### Data provided
================

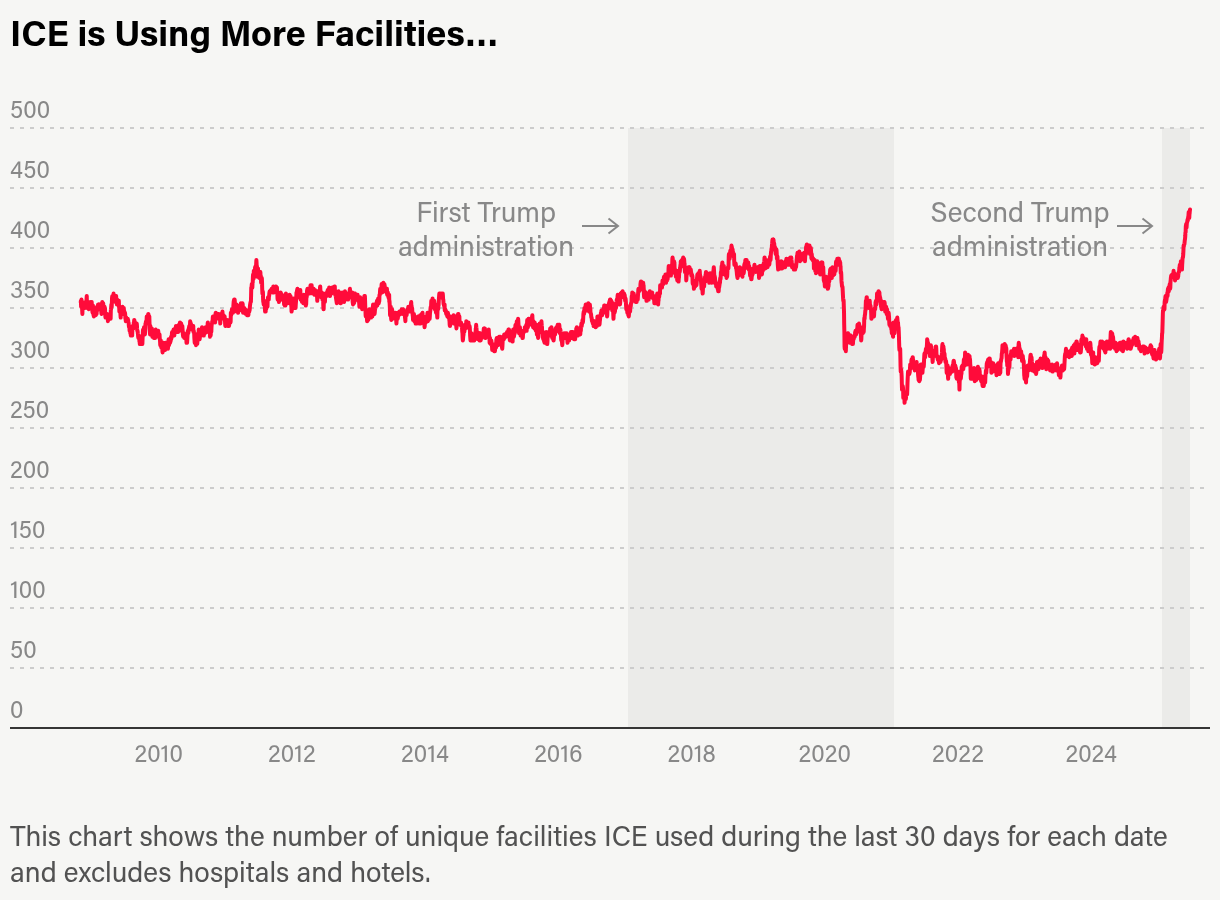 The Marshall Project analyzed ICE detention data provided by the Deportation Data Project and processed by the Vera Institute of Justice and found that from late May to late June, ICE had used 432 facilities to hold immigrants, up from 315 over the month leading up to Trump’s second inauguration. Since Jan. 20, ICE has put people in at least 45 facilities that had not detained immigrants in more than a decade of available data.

================

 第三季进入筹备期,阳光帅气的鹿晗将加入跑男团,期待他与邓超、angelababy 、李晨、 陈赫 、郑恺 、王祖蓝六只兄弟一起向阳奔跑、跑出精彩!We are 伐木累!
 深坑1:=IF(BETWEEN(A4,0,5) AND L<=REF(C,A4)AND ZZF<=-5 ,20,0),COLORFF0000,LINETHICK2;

================

### Goal of the exercise
Within the material above, the line with "第三季进入筹备期,阳光帅气的鹿晗将加入跑男团,期待他与邓超、angelababy 、李晨、 陈赫" opens the range and the line with "深坑1:=IF(BETWEEN(A4,0,5) AND L<=REF(C,A4)AND" closes it; reproduce that range word for word.

### Answer to this task
 第三季进入筹备期,阳光帅气的鹿晗将加入跑男团,期待他与邓超、angelababy 、李晨、 陈赫 、郑恺 、王祖蓝六只兄弟一起向阳奔跑、跑出精彩!We are 伐木累!
 深坑1:=IF(BETWEEN(A4,0,5) AND L<=REF(C,A4)AND ZZF<=-5 ,20,0),COLORFF0000,LINETHICK2;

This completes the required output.